You know...I did have optimization turned off when I tried using IAR Workbench. I wonder if it would loop forever if I turned it on.

BigBobby: It still seems broken, however, for it to do different things when you have a different starting condition(0 vs 0x7ffe). Undefined behavior tends to mean undefined from compiler to compiler...not undefined within the same compiler!

You know...I did have optimization turned off when I tried using IAR Workbench. I wonder if it would loop forever if I turned it on.

It follows nearly exactly the Wiki example (it wasn't devised to reproduce it, I swear - I just remembered I have read something like that not so long ago - just lucky). If the starting value is negative the compiler sees it doesn't meet the for condition and removes the whole loop. If it is 0 at start the compiler thinks it can never become negative so it removes the condition check and makes infinite loop. I guess it would work if the initial value were unknown at time of compilation even without the volatile keyword:

for (int i = Serial.parseInt(); i>=0; i++) {...}

wouldn't end in infinite loop regardless the starting condition.

But in Arduino v1.6.8 it didn’t enter an infinite loop when started at one positive number (0x7ffe), but it did enter an infinite loop with another (0). That seems inconsistent.
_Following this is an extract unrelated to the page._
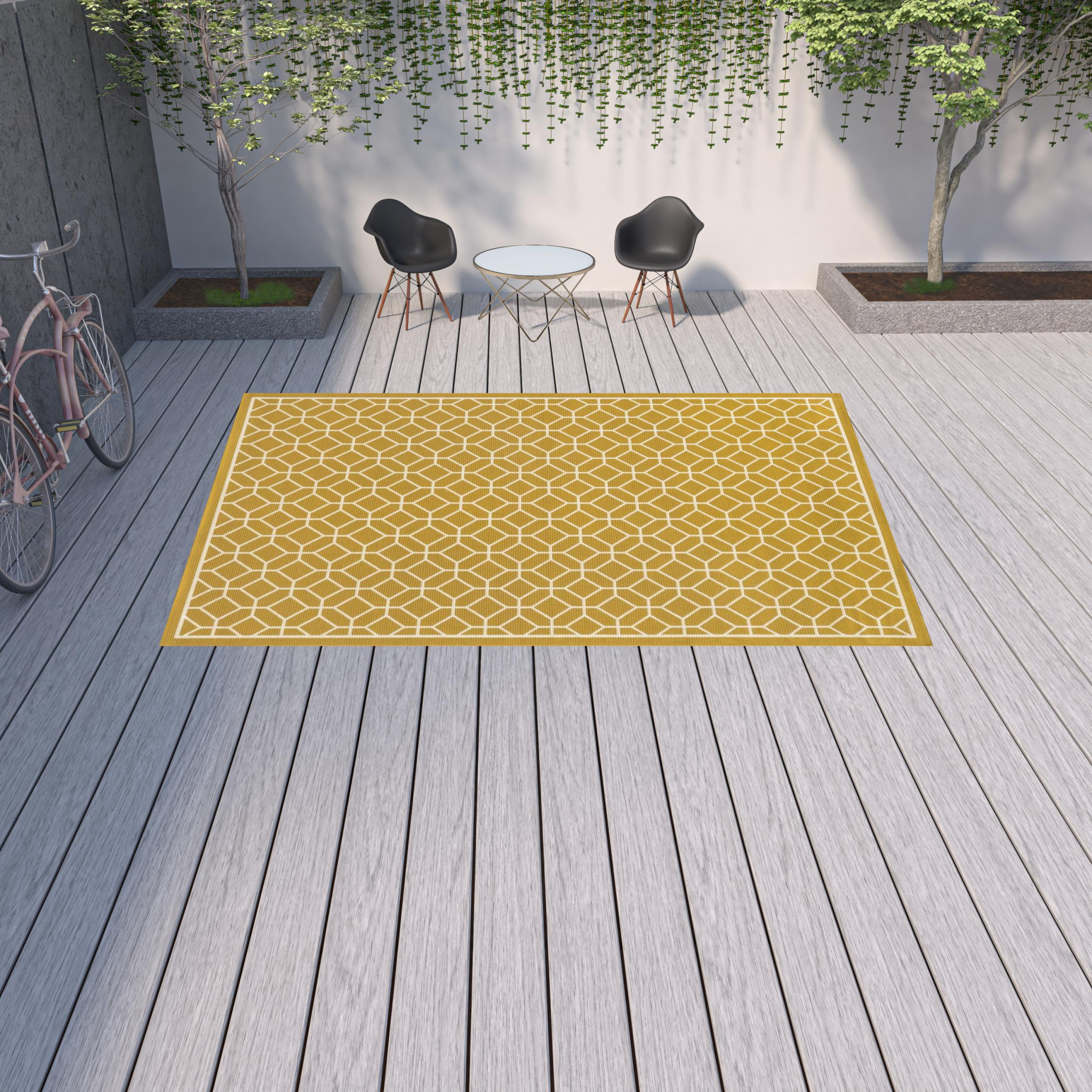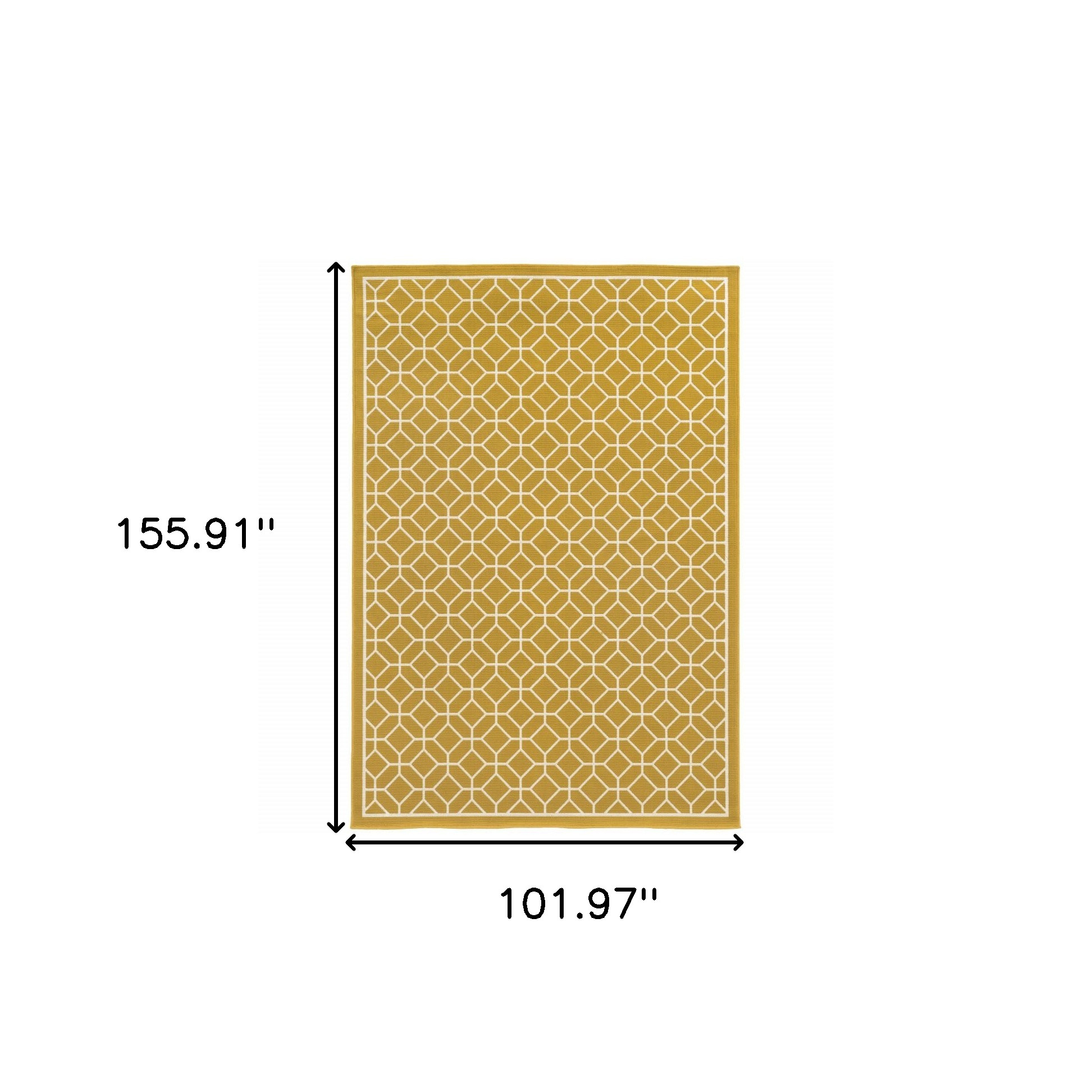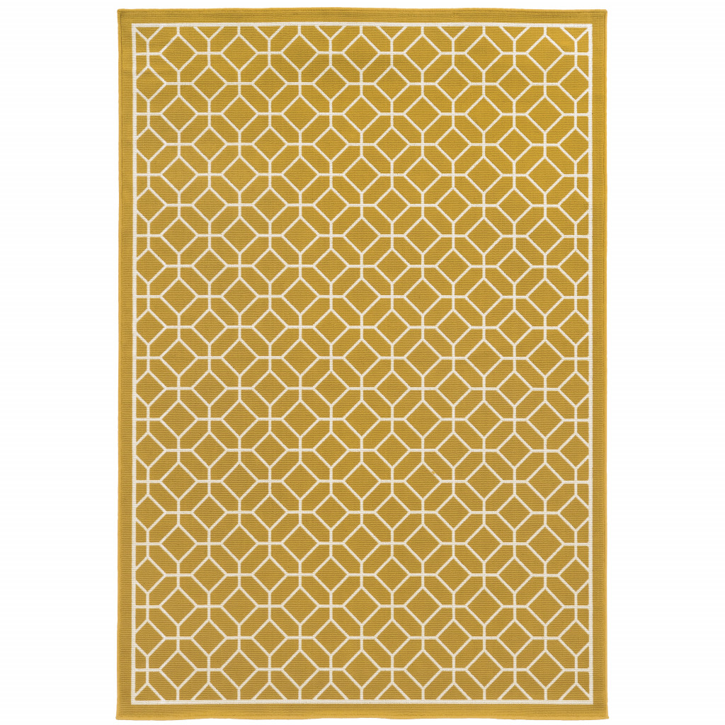 Add great coloration and comfortable texture to your space with this 9-foot x 13-foot gold and ivory geometric stain resistant indoor outdoor area rug. This rectangle shaped rug features a geometric design in gold and ivory to give it visual interest. A classic shape marries with good looking design for your space Ideal for spaces with kids and pets, this rug is stain resistant to help repel stains and spilled liquids. Place this area rug against a hardwood or tile floor and it will enliven your living space with style and sophistication. 0.16-inch H x 101.97-inch W x 155.91-inch D

Oh I didn't realize 0x7ffe is positive near overflow - I wrongly assumed it's negative just after overflow :-)

You know, I'm familiar with some top engineering companies that prohibit their FW engineers from using the optimizer for this reason? They basically spend extra money on their micros so that they don't run into these sorts of problems.

Optimizers can really punish you if you don't code perfectly, often in ways that are tough to catch. Also, while compiler bugs are rare, when they are found they're usually in the optimizer.